**TASK GOAL**
So that the copy stays text only, transcribe the data below exactly and exclude the images.
DATASET CONTENT START
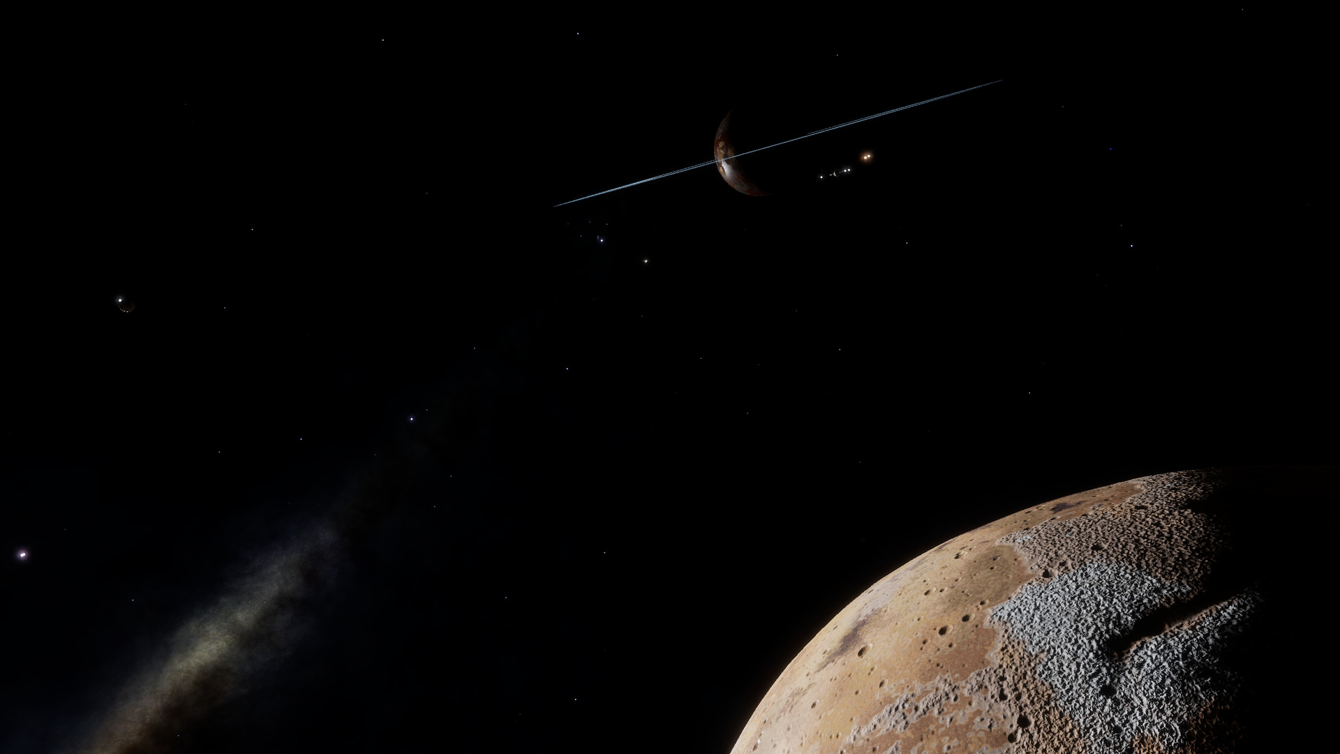 Summary: Two moons with crystalline shards orbit a ringed Ammonia World in this system. | |
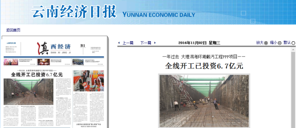 一年過去 大理洱海環(huán)湖截污工程PPP項目——全線開工已投資6.7億元——《云南經(jīng)濟日報》
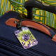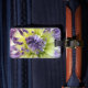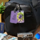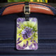 This is a picture of a purple and yellow dahlia flower on a luggage tag with a leather strap. The other side can be customized with your information.
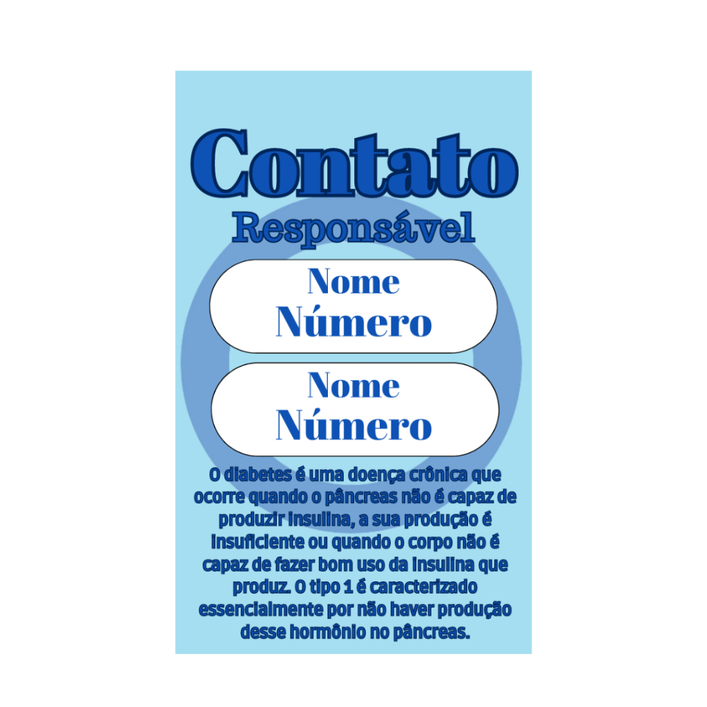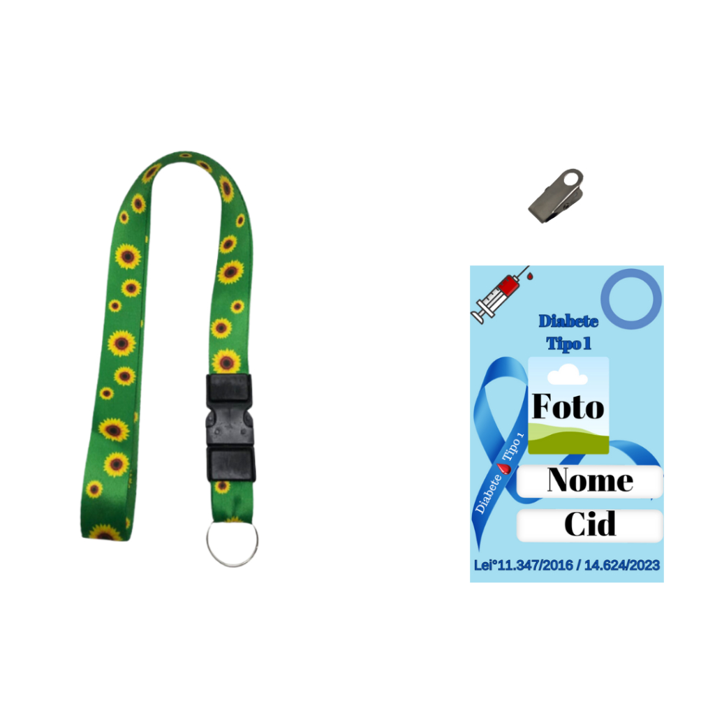Kit Cartão Crachá Polímero Identificação Personalizado Diabetes Tipo 1+Cordão Fecho Engate Rápido Girassol +Garra Jacaré
DATASET CONTENT END
**RESPONSE**
 Summary: Two moons with crystalline shards orbit a ringed Ammonia World in this system. | |
 一年過去 大理洱海環(huán)湖截污工程PPP項目——全線開工已投資6.7億元——《云南經(jīng)濟日報》
 This is a picture of a purple and yellow dahlia flower on a luggage tag with a leather strap. The other side can be customized with your information.
Kit Cartão Crachá Polímero Identificação Personalizado Diabetes Tipo 1+Cordão Fecho Engate Rápido Girassol +Garra Jacaré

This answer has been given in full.